## [TASK DESCRIPTION]
Begin with the line below holding "低燃費走行をサポートする「E" and go on through the line holding "Dettagli del prodottoTappeto", duplicating each line exactly and leaving out pictures.

## [DATA FOR REVIEW]
§

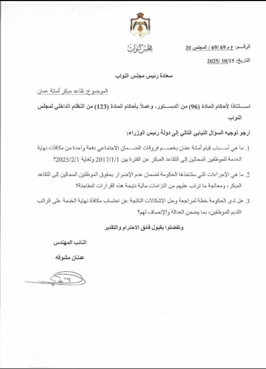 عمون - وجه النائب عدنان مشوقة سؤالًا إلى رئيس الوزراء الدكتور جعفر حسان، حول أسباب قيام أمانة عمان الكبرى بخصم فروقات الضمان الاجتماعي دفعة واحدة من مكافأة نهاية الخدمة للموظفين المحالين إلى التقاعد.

§

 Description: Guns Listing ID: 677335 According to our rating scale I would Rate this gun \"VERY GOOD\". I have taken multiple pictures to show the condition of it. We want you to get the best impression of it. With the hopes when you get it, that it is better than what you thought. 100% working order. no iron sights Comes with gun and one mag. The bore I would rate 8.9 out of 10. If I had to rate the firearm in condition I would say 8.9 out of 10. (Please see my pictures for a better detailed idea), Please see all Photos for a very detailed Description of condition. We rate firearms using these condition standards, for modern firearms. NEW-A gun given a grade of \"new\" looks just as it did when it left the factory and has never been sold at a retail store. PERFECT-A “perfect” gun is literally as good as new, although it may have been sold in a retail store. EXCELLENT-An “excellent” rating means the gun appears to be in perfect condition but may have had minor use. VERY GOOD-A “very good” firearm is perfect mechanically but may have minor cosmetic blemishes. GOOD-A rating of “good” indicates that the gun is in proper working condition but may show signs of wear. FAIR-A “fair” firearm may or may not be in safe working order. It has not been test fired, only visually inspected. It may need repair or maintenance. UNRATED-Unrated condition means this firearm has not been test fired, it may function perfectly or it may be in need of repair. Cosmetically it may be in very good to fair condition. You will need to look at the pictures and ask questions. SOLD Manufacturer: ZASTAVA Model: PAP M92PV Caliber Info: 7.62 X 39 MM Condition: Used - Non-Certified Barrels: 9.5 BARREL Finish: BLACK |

§

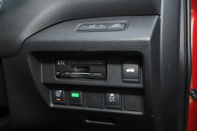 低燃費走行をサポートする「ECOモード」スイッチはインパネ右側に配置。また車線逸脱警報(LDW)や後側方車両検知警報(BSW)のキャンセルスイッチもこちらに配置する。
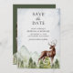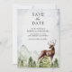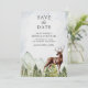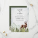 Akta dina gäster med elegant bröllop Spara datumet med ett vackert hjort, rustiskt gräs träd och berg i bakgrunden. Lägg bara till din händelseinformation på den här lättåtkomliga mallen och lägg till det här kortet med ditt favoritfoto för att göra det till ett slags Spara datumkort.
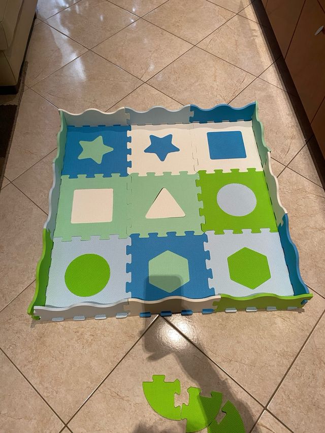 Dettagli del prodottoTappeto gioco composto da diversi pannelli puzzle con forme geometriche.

§

## [EXERCISE ANSWER]
 低燃費走行をサポートする「ECOモード」スイッチはインパネ右側に配置。また車線逸脱警報(LDW)や後側方車両検知警報(BSW)のキャンセルスイッチもこちらに配置する。
 Akta dina gäster med elegant bröllop Spara datumet med ett vackert hjort, rustiskt gräs träd och berg i bakgrunden. Lägg bara till din händelseinformation på den här lättåtkomliga mallen och lägg till det här kortet med ditt favoritfoto för att göra det till ett slags Spara datumkort.
 Dettagli del prodottoTappeto gioco composto da diversi pannelli puzzle con forme geometriche.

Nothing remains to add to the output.